I've gravitated toward this solution for filtering my voice commands, when they need filtering.
awk '{print $NF}' /sdcard/.voice > /sdcard/.voicetmp
then changing the task from this:

5- Perform Action WXDAY if %VOICE matches forecast**

to this:

5- Perform Action WXDAY if %VOICE matches **forecast**

No big difference, but where it did depend on the first and second word before, now the first word can be anywhere in the sentence and the second word only needs to be at the end. Now "What's the forecast for friday?" or "Boy, I sure do wish my phone could tell me what the forecast is supposed to be for the day of the 29th, which just happens to be a friday" will both work and sound a lot better than "Forecast. Friday."

I'm only using the weather task as an example since it's been posted here.

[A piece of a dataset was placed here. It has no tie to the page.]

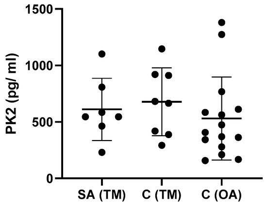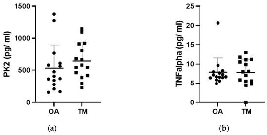 Furthermore, we evaluated a possible difference in PK2 levels between the two groups, degenerative and traumatic. Although we initially assumed that PK2 levels in the TM group would be greater because of the acute nature of this condition, the data do not support this assumption, as PK2 levels did not differ between the OA and TM groups.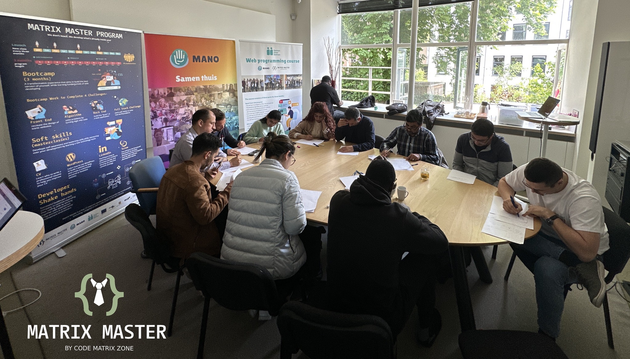 The Matrix Master Program is online, featuring two daily meetings. In the morning, there's a stand-up for updates with our guides, and in the afternoon, you attend the actual class. Between these sessions, you're free to study independently using our curriculum.

This can be used with any command which needs to extract a trigger and a variable from your speech.

I haven't had the need to input multiple variables yet, but I did whip up a couple scripts to give that flexibility:
#! /system/bin/sh
if test -z "$1"
tr ' ' '\n' < /sdcard/.voice | tail -n1 > /sdcard/.voicetmp
tr ' ' '\n' < /sdcard/.voice | tail -n${1} > /sdcard/.voicetmp
You can execute this script followed by the number of items you want to extract, or followed by nothing for extracting one item. For example, if you want to extract three items and the script is named "vfilter," you'd put "vfilter 3" in the Locale Execute Plugin then set up your task accordingly.

I'm not sure what use this is, but I hate being constrained to only being able to use a single word so I hammered this out and put it on my sdcard in case I need it.

Another approach, if you need more flexibility, would be to say the number, and execute either of these commands:
#! /system/bin/sh
awk '{ for(i=$NF;(NF-i)<NF;i--) { printf "%s%s",$(NF-i),FS } printf RS }' /sdcard/.voice > /sdcard/.voicetmp
awk '{ for(i=$NF;(NF-i)<NF;i--) { printf "%s%s",$(NF-i),FS } printf RS }'  /sdcard/.voice | tr ' ' '\n' > /sdcard/.voicetmp
The only difference is that the first one will output everything on one line and the second will output each word on it's own line.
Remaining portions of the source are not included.